- Opening Delimiter -

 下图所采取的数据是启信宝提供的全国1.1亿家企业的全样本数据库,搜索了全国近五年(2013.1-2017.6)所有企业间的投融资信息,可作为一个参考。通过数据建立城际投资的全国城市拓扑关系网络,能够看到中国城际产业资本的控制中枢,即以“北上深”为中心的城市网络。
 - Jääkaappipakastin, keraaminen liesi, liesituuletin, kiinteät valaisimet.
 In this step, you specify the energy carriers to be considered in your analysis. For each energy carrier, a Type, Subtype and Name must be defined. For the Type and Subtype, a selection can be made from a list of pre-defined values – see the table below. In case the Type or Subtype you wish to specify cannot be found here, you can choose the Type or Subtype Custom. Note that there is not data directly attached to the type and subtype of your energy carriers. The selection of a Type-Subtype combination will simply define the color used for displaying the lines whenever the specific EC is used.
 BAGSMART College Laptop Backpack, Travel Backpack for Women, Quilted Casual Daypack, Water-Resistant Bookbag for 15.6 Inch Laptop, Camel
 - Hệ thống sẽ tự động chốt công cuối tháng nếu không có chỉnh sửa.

- Closing Delimiter -
- Opening Delimiter -

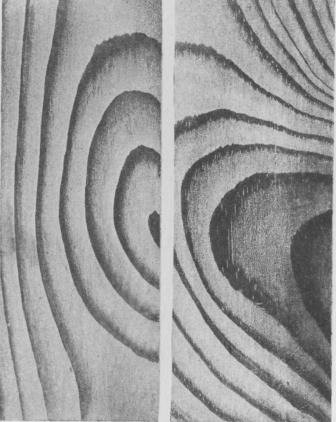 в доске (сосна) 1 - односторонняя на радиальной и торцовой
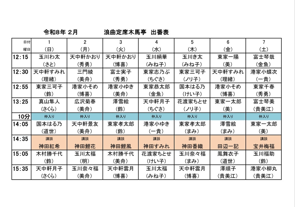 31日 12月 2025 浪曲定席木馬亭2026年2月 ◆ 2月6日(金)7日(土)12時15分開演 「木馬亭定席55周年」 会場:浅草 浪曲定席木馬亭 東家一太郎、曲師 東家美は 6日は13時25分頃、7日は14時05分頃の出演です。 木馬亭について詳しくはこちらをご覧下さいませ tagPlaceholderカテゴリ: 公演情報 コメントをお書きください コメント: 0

- Closing Delimiter -

Problem to solve: Only the lines of the listing above from the one with "в доске (сосна)" through the one with "31日 12月 2025" should be output, exactly, with both ends kept and pictures left out.

The completed task:
 в доске (сосна) 1 - односторонняя на радиальной и торцовой
 31日 12月 2025 浪曲定席木馬亭2026年2月 ◆ 2月6日(金)7日(土)12時15分開演 「木馬亭定席55周年」 会場:浅草 浪曲定席木馬亭 東家一太郎、曲師 東家美は 6日は13時25分頃、7日は14時05分頃の出演です。 木馬亭について詳しくはこちらをご覧下さいませ tagPlaceholderカテゴリ: 公演情報 コメントをお書きください コメント: 0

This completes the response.